_WHAT NEEDS TO BE DONE_
Taking the line with "11:55 タイムトライアル 自分の予選の合計タイムは8番目だったので、スーパーポールでタイムトライアル。" as the first and the line with "Kawasaki | ||" as the last, set down the lines below exactly, pictures excluded.

_DATA IN THIS EXERCISE_
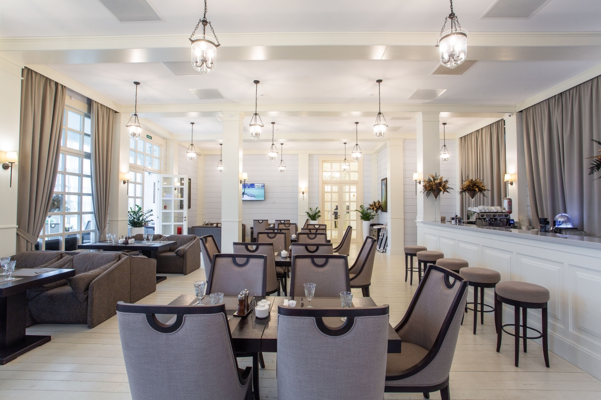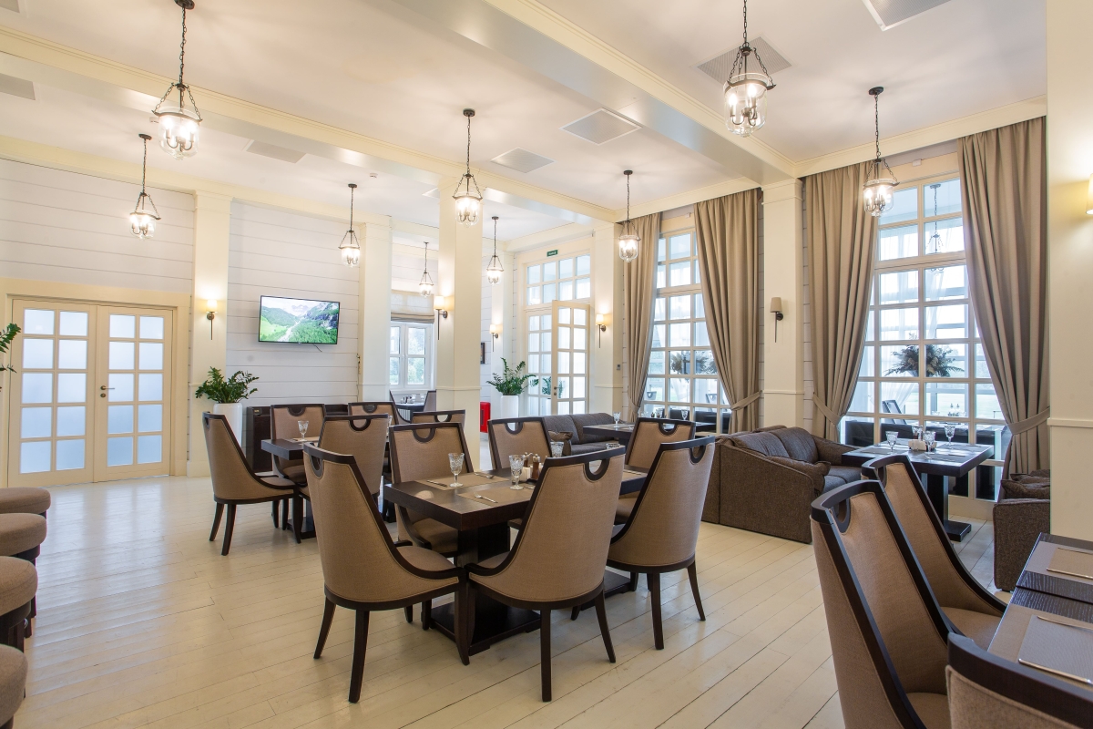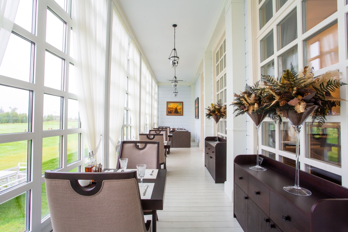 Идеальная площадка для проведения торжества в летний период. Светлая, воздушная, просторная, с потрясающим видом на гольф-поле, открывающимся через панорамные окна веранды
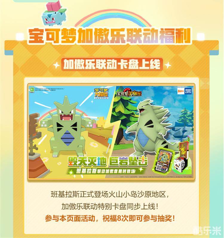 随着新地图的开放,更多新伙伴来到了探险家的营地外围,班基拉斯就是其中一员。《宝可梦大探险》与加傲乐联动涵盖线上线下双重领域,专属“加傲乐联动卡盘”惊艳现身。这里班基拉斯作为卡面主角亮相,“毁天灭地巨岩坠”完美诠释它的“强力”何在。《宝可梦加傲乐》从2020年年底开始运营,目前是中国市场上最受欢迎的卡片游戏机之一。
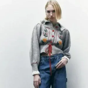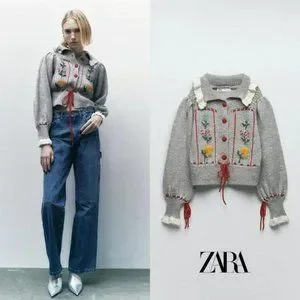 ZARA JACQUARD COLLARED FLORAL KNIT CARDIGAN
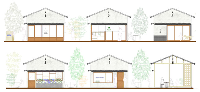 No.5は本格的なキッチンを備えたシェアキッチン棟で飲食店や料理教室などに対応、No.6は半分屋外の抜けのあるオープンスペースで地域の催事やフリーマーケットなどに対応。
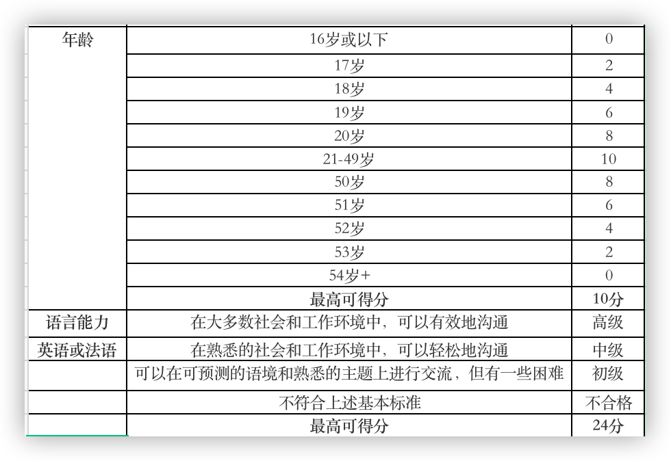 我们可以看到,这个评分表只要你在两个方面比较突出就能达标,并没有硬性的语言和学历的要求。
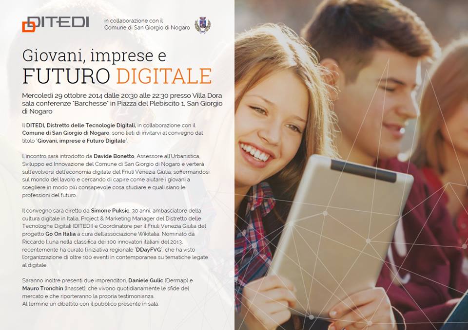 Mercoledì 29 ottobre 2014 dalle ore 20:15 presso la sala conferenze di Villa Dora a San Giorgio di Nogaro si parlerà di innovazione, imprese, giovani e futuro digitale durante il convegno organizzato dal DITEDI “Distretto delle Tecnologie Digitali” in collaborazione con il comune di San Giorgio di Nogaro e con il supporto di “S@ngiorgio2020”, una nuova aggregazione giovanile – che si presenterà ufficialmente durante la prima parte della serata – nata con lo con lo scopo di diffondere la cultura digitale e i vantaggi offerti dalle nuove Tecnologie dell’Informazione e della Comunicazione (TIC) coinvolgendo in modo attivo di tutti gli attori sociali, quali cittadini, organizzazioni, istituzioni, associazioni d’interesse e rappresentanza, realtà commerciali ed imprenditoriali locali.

--

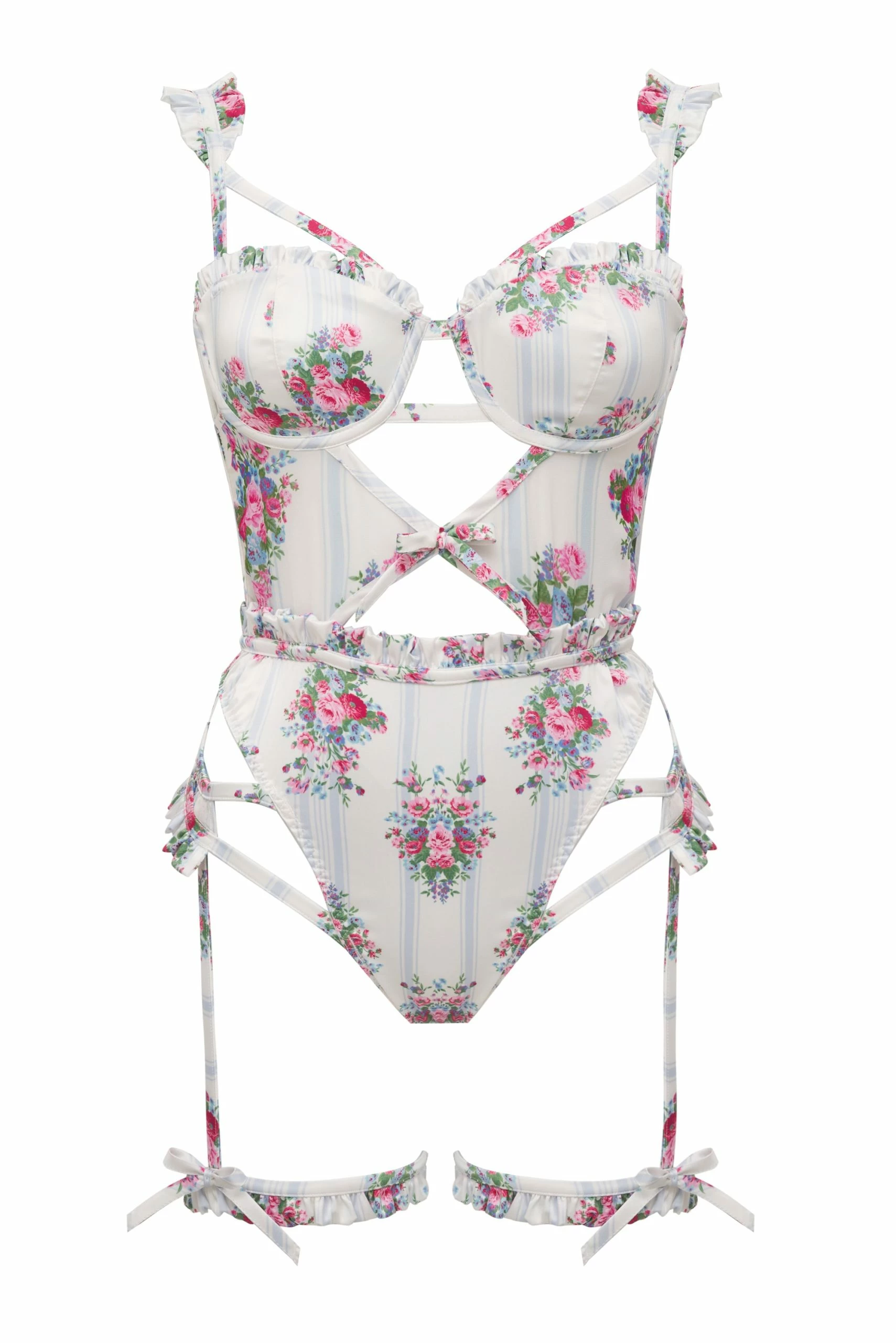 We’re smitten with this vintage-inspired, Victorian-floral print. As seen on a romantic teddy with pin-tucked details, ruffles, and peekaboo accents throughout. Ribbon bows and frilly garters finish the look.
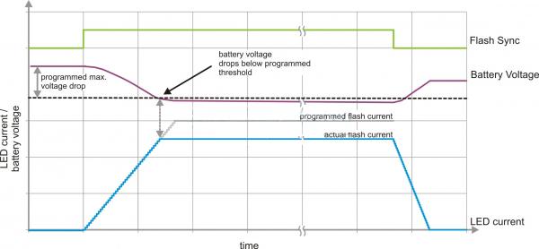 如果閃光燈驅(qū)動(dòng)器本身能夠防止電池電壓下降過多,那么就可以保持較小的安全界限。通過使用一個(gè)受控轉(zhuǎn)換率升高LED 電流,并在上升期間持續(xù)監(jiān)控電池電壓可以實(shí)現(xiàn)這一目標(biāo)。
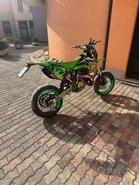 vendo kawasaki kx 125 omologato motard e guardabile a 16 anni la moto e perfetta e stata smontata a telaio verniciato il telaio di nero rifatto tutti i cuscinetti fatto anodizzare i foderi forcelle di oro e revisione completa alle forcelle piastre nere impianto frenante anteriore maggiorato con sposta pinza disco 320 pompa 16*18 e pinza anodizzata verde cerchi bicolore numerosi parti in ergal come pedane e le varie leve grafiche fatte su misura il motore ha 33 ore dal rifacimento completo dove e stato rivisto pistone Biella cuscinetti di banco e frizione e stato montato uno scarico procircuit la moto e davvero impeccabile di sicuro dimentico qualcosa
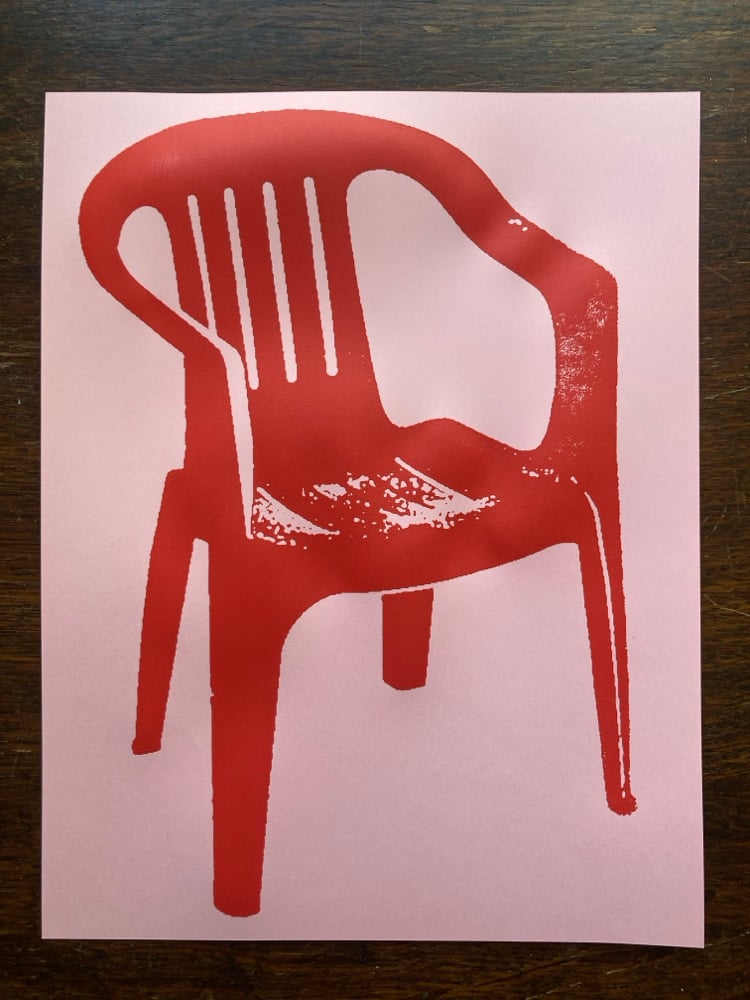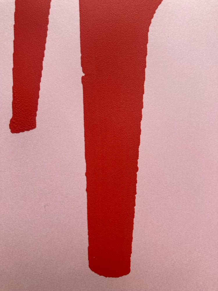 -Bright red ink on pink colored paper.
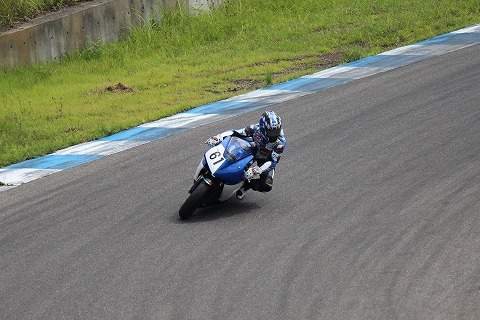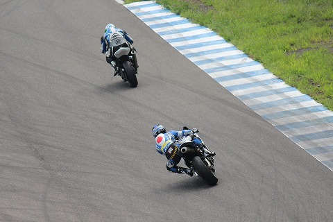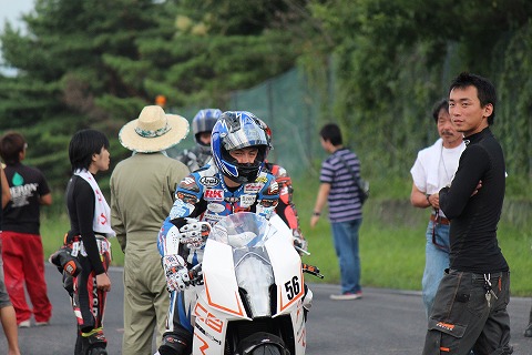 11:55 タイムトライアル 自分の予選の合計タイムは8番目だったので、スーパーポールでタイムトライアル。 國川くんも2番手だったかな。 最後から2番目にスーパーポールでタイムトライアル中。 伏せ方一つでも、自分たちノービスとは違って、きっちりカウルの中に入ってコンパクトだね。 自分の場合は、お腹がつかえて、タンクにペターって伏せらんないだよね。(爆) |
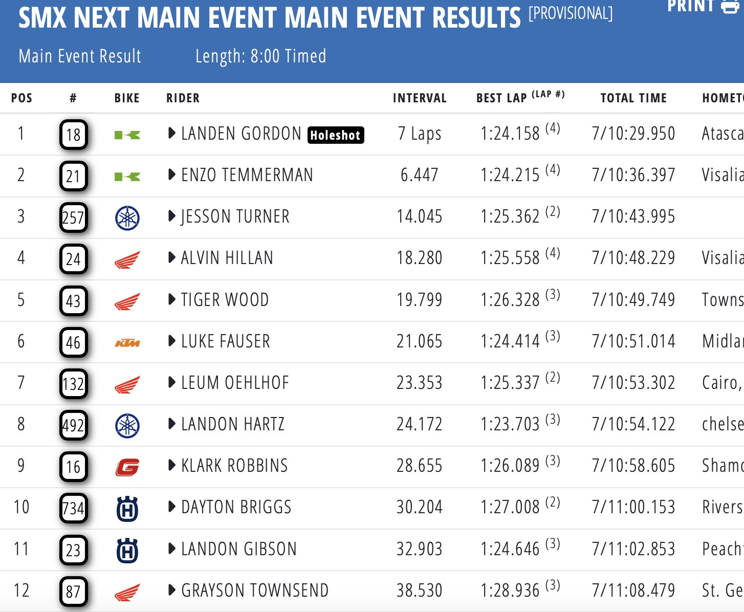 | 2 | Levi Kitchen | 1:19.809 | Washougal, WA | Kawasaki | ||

* * *

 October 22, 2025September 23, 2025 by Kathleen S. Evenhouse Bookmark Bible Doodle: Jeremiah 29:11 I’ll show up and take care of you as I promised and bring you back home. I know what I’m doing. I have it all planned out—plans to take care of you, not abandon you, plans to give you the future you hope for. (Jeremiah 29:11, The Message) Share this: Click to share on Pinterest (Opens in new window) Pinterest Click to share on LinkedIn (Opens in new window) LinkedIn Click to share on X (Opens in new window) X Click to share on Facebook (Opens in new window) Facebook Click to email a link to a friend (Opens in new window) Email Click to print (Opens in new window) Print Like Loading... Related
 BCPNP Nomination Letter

_REPLY TO THE EXERCISE_
 11:55 タイムトライアル 自分の予選の合計タイムは8番目だったので、スーパーポールでタイムトライアル。 國川くんも2番手だったかな。 最後から2番目にスーパーポールでタイムトライアル中。 伏せ方一つでも、自分たちノービスとは違って、きっちりカウルの中に入ってコンパクトだね。 自分の場合は、お腹がつかえて、タンクにペターって伏せらんないだよね。(爆) |
 | 2 | Levi Kitchen | 1:19.809 | Washougal, WA | Kawasaki | ||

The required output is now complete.